> Records supplied
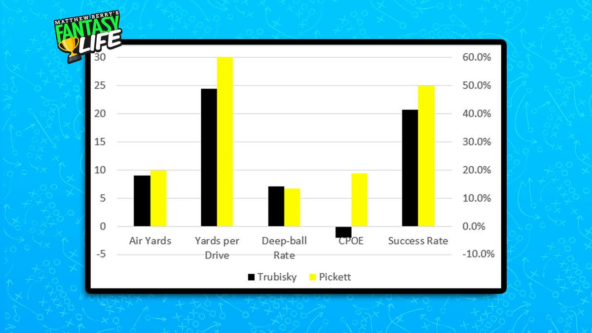We got three full weeks of Mitch Trubisky. After Week 3, he was bottom-10 in nearly every passing stat. The Steelers were dead last in yards per drive. But Pickett turned the offense around in two quarters.
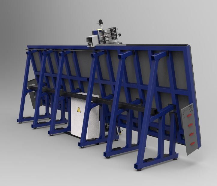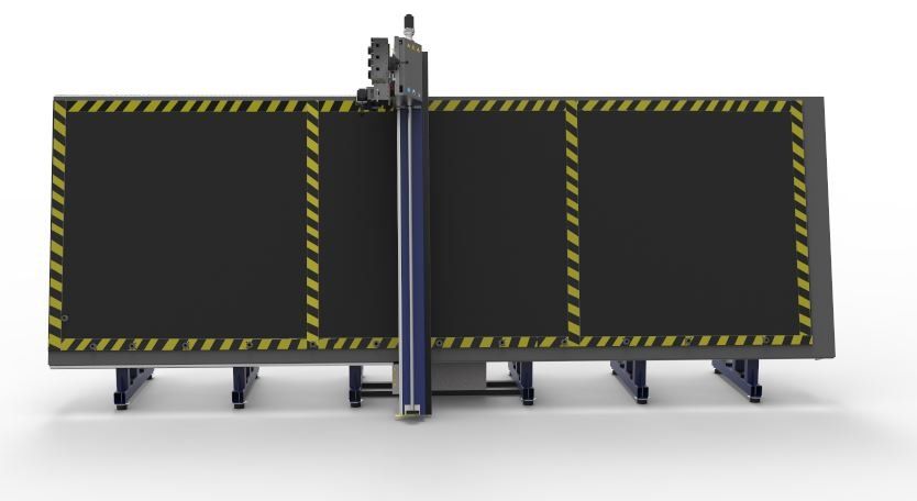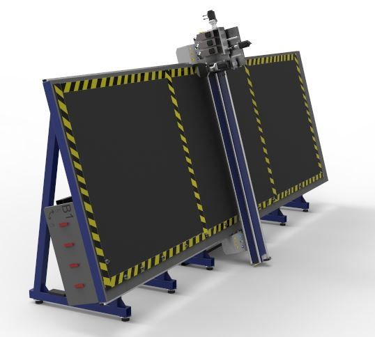 KSD PRO II-V 2055 3H + C, is a milling machine of numerical control CNC, professional, of high performance, of three axes with vertical bench (table of work) and mobile bridge with displacement on all the useful surface of work, where the three milling engines and the cutting saw are housed in a single head. Professional vacuum system with two suction turbines and eight differentiated and independent work surfaces. Pneumatic positioning system with retractable stops on the work surface and retention of anti-fall material on the lower part and individual chip extraction system for each pre-installed milling engine.
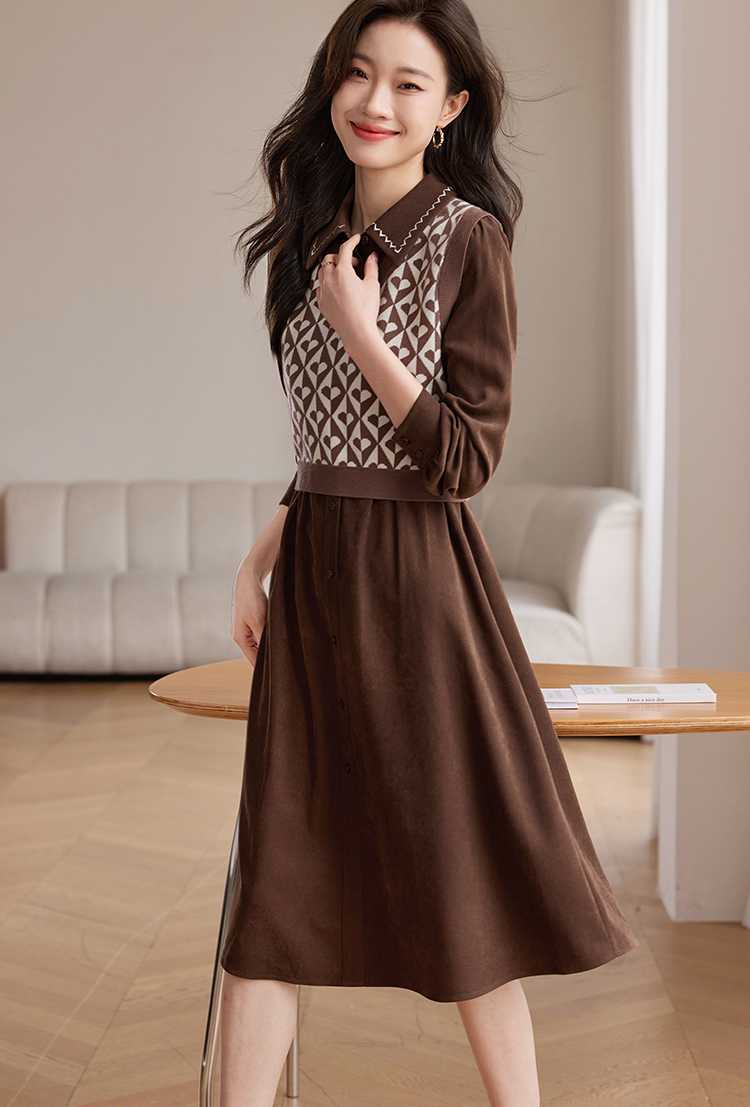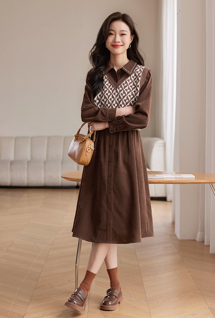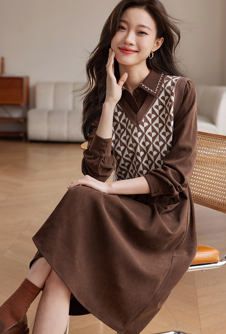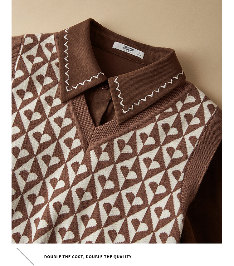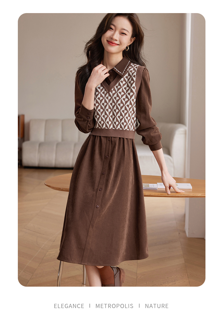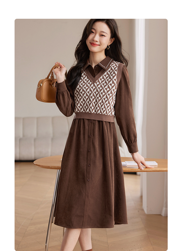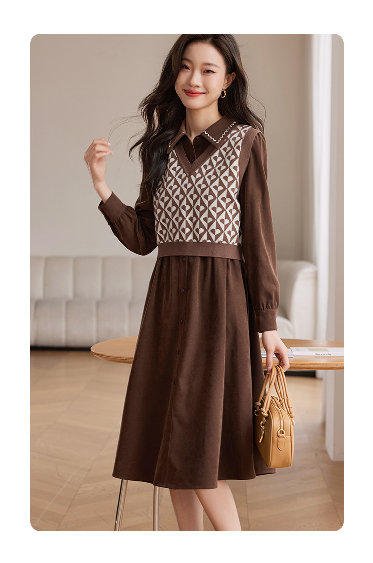 【专属特价】熙世界学院风长袖连衣裙套装女士秋冬提花针织马甲衬衫裙子两件套
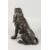 A CAST BRONZE MODEL OF A SEATED BLOODHOUND.
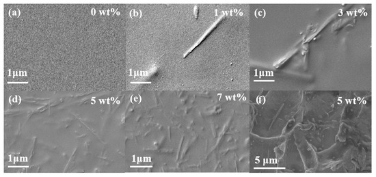 Surface and cross-section electron microscopy of different loadings: (a) 0 wt%, (b) 1 wt%, (c) 3 wt%, (d) 5 wt%, (e) 7 wt%, and (f) cross-section images of 5 wt% MMMs.
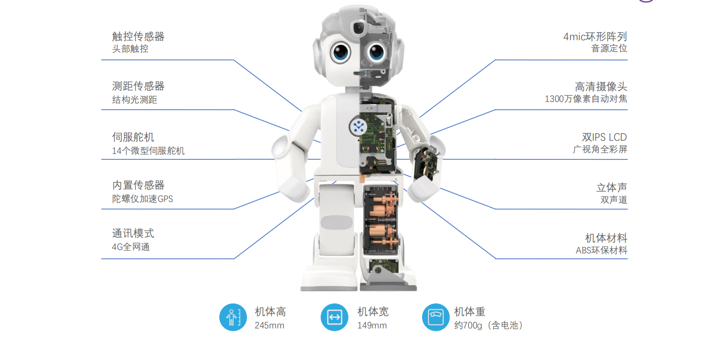 產(chǎn)品詳細(xì)介紹1、運(yùn)動(dòng)控制能力 悟空外觀采用黃金比例設(shè)計(jì),配置優(yōu)必選自主研發(fā)高精度伺服舵機(jī),模擬人體各主要關(guān)節(jié),巧妙設(shè)計(jì)14個(gè)自由度,能模擬舞 蹈、功夫、點(diǎn)頭、行走、坐下、跌倒爬起等數(shù)百種人體動(dòng)作,靈活穩(wěn)定,極具科技感。豐富的動(dòng)作和舞蹈帶來(lái)更生動(dòng)的體驗(yàn)。 2、AI語(yǔ)音交互能力 采用騰訊叮當(dāng)智能語(yǔ)音交互平臺(tái),搭配4個(gè)全向麥克風(fēng)陣列及0.8W雙獨(dú)立全頻揚(yáng)聲器,結(jié)合領(lǐng)先的聲源定位技術(shù),準(zhǔn)確識(shí)別 并響應(yīng)各方向來(lái)的語(yǔ)音交流。同時(shí),內(nèi)置豐富的語(yǔ)料和內(nèi)容資源資源,無(wú)論是聊天、語(yǔ)音控制還是信息查詢(xún),一切方便快 捷,真正做到聽(tīng)得清、聽(tīng)得懂、答的上。 3、AI視覺(jué)能力 悟空前額配置了1300W自動(dòng)對(duì)焦、電子防抖高清攝像 頭,可輕松實(shí)現(xiàn)語(yǔ)音拍照、遠(yuǎn)程監(jiān)控和視頻通話(huà)。結(jié)合 領(lǐng)先的AI視覺(jué)識(shí)別技術(shù),可精確識(shí)別人臉、200+物體 和10000多本中外繪本識(shí)別及數(shù)十種手勢(shì)。 4、豐富的傳感器 悟空胸前搭載TOF紅外傳感器,支持0.5~1m障礙檢測(cè)和距離檢測(cè);內(nèi)置三軸加速傳感器和陀螺儀,支持運(yùn)動(dòng)平衡檢測(cè);另外 頭頂配置觸碰傳感器,配合1.22寸全彩色I(xiàn)PS高清TFT顯示屏作為眼睛,提供多種摸頭殺動(dòng)作表情,充分展示豐富情感交互。 5、圖形化編程 針對(duì)不同年齡和不同學(xué)習(xí)方式,適配手機(jī)/PAD和PC硬件,分別提供Blockly和Ucode兩種圖形化編程方式,滿(mǎn)足 不同年齡段少年兒童學(xué)習(xí)需求。通過(guò)不同的編程塊可調(diào)用悟空機(jī)器人的語(yǔ)言,視覺(jué),運(yùn)動(dòng),傳感,燈光等多種能 力,鍛煉學(xué)生邏輯思維能力的同時(shí),可以讓學(xué)生真正的接觸人工智能,讓知識(shí)能夠?qū)W以致用。 |

> Work to be completed
Without the pictures, please reproduce each line of the listing above exactly, from the first one through the line bearing "Surface and cross-section".

> Response to the task
We got three full weeks of Mitch Trubisky. After Week 3, he was bottom-10 in nearly every passing stat. The Steelers were dead last in yards per drive. But Pickett turned the offense around in two quarters.
 KSD PRO II-V 2055 3H + C, is a milling machine of numerical control CNC, professional, of high performance, of three axes with vertical bench (table of work) and mobile bridge with displacement on all the useful surface of work, where the three milling engines and the cutting saw are housed in a single head. Professional vacuum system with two suction turbines and eight differentiated and independent work surfaces. Pneumatic positioning system with retractable stops on the work surface and retention of anti-fall material on the lower part and individual chip extraction system for each pre-installed milling engine.
 【专属特价】熙世界学院风长袖连衣裙套装女士秋冬提花针织马甲衬衫裙子两件套
 A CAST BRONZE MODEL OF A SEATED BLOODHOUND.
 Surface and cross-section electron microscopy of different loadings: (a) 0 wt%, (b) 1 wt%, (c) 3 wt%, (d) 5 wt%, (e) 7 wt%, and (f) cross-section images of 5 wt% MMMs.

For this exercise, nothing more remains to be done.